Bortezomib Followed by the Addition of Doxorubicin at Disease Progression in Treating Patients With Locally Advanced, Recurrent, or Metastatic Adenoid Cystic Carcinoma (Cancer) of the Head and Neck

National Cancer Institute (NCI)

Status and phase

Completed

Phase 2

Conditions

Salivary Gland Adenoid Cystic Carcinoma

Stage IV Salivary Gland Cancer

Stage IV Adenoid Cystic Carcinoma of the Oral Cavity

Stage III Salivary Gland Cancer

Stage III Adenoid Cystic Carcinoma of the Oral Cavity

Recurrent Adenoid Cystic Carcinoma of the Oral Cavity

Recurrent Salivary Gland Cancer

Treatments

Drug: bortezomib

Other: laboratory biomarker analysis

Drug: doxorubicin hydrochloride

Study type

Interventional

Funder types

NETWORK

NIH

Identifiers

NCT00077428

NCI-2012-02574

CDR0000350319 (Registry Identifier)

U10CA021115 (U.S. NIH Grant/Contract)

E1303

Details and patient eligibility

About

This phase II trial is studying how well bortezomib followed by doxorubicin at the time of disease progression works in treating patients with locally advanced, recurrent, or metastatic adenoid cystic carcinoma (cancer) of the head and neck. Bortezomib may stop the growth of tumor cells by blocking the enzymes necessary for their growth. Drugs used in chemotherapy, such as doxorubicin, work in different ways to stop tumor cells from dividing so they stop growing or die. Combining bortezomib with doxorubicin may kill more tumor cells

Full description

OBJECTIVES: Primary I. Determine the objective tumor response in patients with locally advanced, recurrent, or metastatic adenoid cystic carcinoma of the head and neck treated with bortezomib.

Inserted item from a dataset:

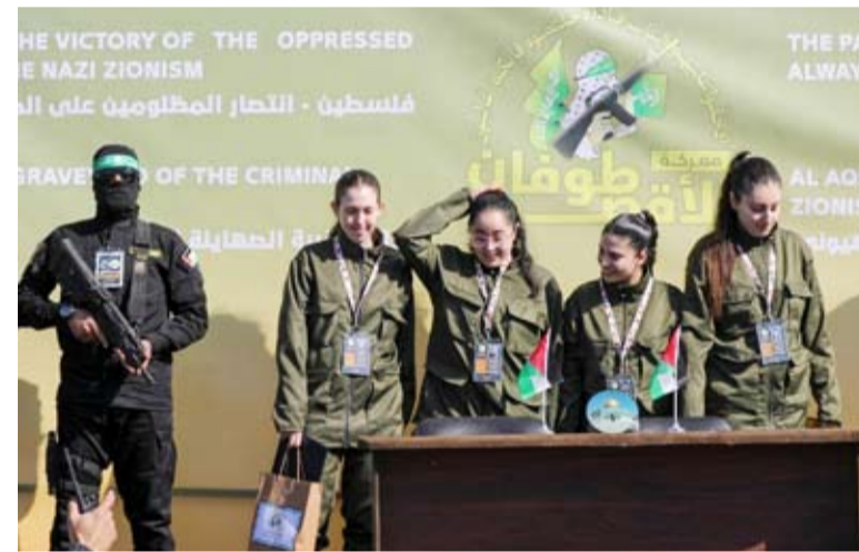
مجندات الاحتلال قبل تسليمهن للصليب الأحمر وسط حضور جماهيري كثيف

سلمت كتائب القسام الجناح العسكري لحركة حماس الفلسطينية أسس أربع مجندات في قوات الاحتلال الإسرائيلي للصليب الأحمر وسط مدينة غزة. وتسلمت اللجنة الدولية للصليب الأحمر الأسيرات اللواتي وصلن عبر أربع مركبات للقسام وجرت عملية التسليم على منصة وسط المدينة. كما سلمت سلطات الاحتلال للجانب الفلسطيني قائمة تضم أسماء 200 أسير فلسطيني من المؤبدات والأحكام العالية وسيتم إبعاد 70 منهم إلى الخارج، ضمن الدفعة الثانية من اتفاق إيقاف إطلاق النار.

Secondary I. Determine the time to progression in patients treated with this drug. II. Determine the overall survival of patients treated with this drug. III. Determine the toxic effects of this drug in these patients. IV. Determine the objective tumor response, time to progression, and overall survival of patients who progress on single-agent bortezomib and are then treated with doxorubicin and bortezomib.

V. Determine the toxic effects of this regimen in these patients. VI. Determine the profile and concentration of inflammatory and angiogenic cytokines in serum of patients before and in response to this regimen.

VII. Correlate the expression of biomarkers which may be affected by the ubiquitin-proteasome degradation pathway (NF-kB, p53, p27, cyclin D1, cyclin E, vascular endothelial growth factor [VEGF], MVD, V-CAM, and N-CAM) on tumor tissue with the clinical activity of bortezomib in these patients.

OUTLINE: This is a multicenter study.

Patients receive bortezomib IV over 3-5 seconds on days 1, 4, 8, and 11. Courses repeat every 21 days in the absence of disease progression or unacceptable toxicity. Patients with disease progression continue to receive bortezomib as above and doxorubicin IV over 2-5 minutes on days 1 and 8. Treatment repeats every 21 days for up to 14 courses in the absence of further disease progression or unacceptable toxicity.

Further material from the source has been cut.